Thursday 27 December 2007

Rebuilding walls


I love dry stone walls. The fact that they are built without any kind of mortar, relying instead on careful choice and placement of individual stones, really appeals to me. There's a craft to them, real skill. Look at the beauty of the one pictured above - I love this!



Unfortunately, they do sometimes collapse. Much like me really. So what to do when faced with a collapsed wall?





Well, I suppose you could try randomly throwing the stones back on to the wall. Trouble is, they tend to fall down faster than you can pile them up. Not a good solution.





You could gather together a whole bunch of people and get them all to hold up different parts of the wall. That support has been provided to me, and I have appreciated it massively. I still need these supporters - but I need to find a way of making the wall stand up by itself, in the long term.
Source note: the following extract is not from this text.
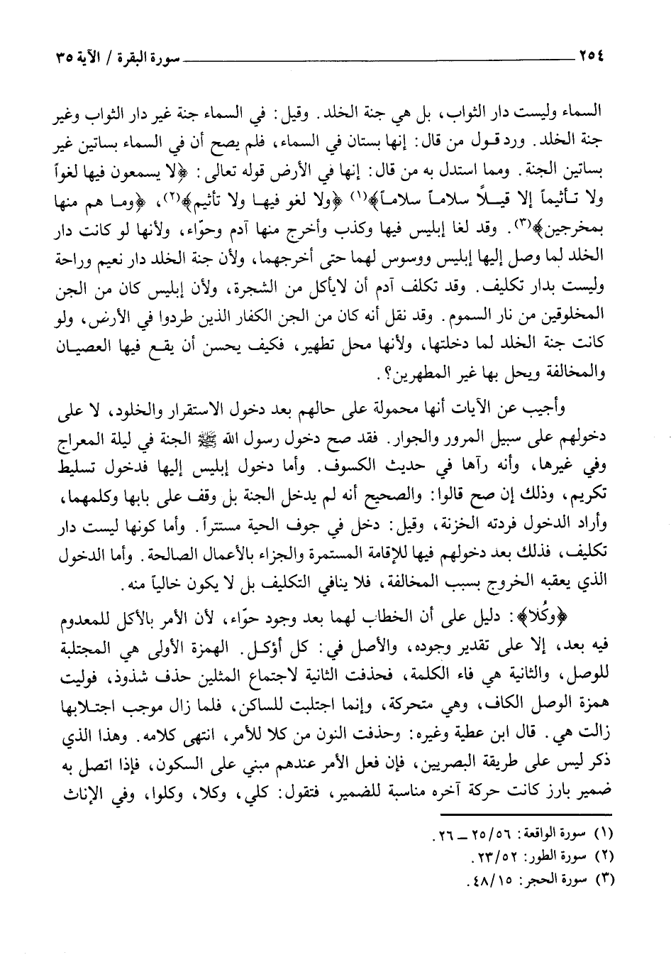 وَأُجِيبَ عَنِ الْآيَاتِ أَنَّهَا مَحْمُولَةٌ عَلَى حَالِهِمْ بَعْدَ دُخُولِ الِاسْتِقْرَارِ وَالْخُلُودِ، لَا عَلَى دُخُولِهِمْ على سبيل المرور والجوار. فَقَدْ صَحَّ دُخُولُ رَسُولِ اللَّهِ صَلَّى اللَّهُ عَلَيْهِ وَسَلَّمَ الْجَنَّةَ فِي لَيْلَةِ الْمِعْرَاجِ وَفِي غَيْرِهَا، وَأَنَّهُ رَآهَا فِي حَدِيثِ الْكُسُوفِ. وَأَمَّا دُخُولُ إِبْلِيسَ إِلَيْهَا فدخول تسليط تَكْرِيمٍ، وَذَلِكَ إِنْ صَحَّ قَالُوا: وَالصَّحِيحُ أَنَّهُ لَمْ يَدْخُلِ الْجَنَّةَ بَلْ وَقَفَ عَلَى بَابِهَا وَكَلَّمَهُمَا، وَأَرَادَ الدُّخُولَ فَرَدَّتْهُ الْخَزَنَةُ، وَقِيلَ: دَخَلَ فِي جَوْفِ الْحَيَّةِ مُسْتَتِرًا. وَأَمَّا كَوْنُهَا لَيْسَتْ دَارَ تَكْلِيفٍ، فَذَلِكَ بَعْدَ دُخُولِهِمْ فِيهَا لِلْإِقَامَةِ الْمُسْتَمِرَّةِ وَالْجَزَاءِ بِالْأَعْمَالِ الصَّالِحَةِ. وَأَمَّا الدُّخُولُ الَّذِي يَعْقُبُهُ الْخُرُوجُ بِسَبَبِ الْمُخَالَفَةِ، فَلَا يُنَافِي التَّكْلِيفَ بَلْ لَا يَكُونُ خَالِيًا مِنْهُ.

Sellotape? Doesn't work either. Feels like that has been tried with me, with the many and varied recommendations for medications, often at maximum BNF doses. What with Escitalopram, Trazodone, Valium, Zopiclone, Quetiapine and suggestions of Risperdal and Flupentixol thrown in for good measure ... I'm sure they are all very good sticking plasters, but they're not seeming to help me mend my wall. So I'm giving up on them. All of them. Now.





To rebuild a dry stone wall, a skilled craftsperson has to take each stone and look at it carefully. A decision has to be made as to whether it is a good fit for a given gap. If not, it is put on one side - not discarded, merely left for a "better fit". Each stone is learnt by the waller, understood, and then found a place.



Feels like that's what I need to do. A possible moment of clarity. For my current crisis does not seem to be mainly a product of an underlying biochemical imbalance. Rather it is a reaction to events. The same two causes could be identified with dry stonewalls, I suspect; occasionally stones crack due to frost and that could cause a collapse. Alternatively, the wall could be bashed by something large, clumsy and inconsiderate.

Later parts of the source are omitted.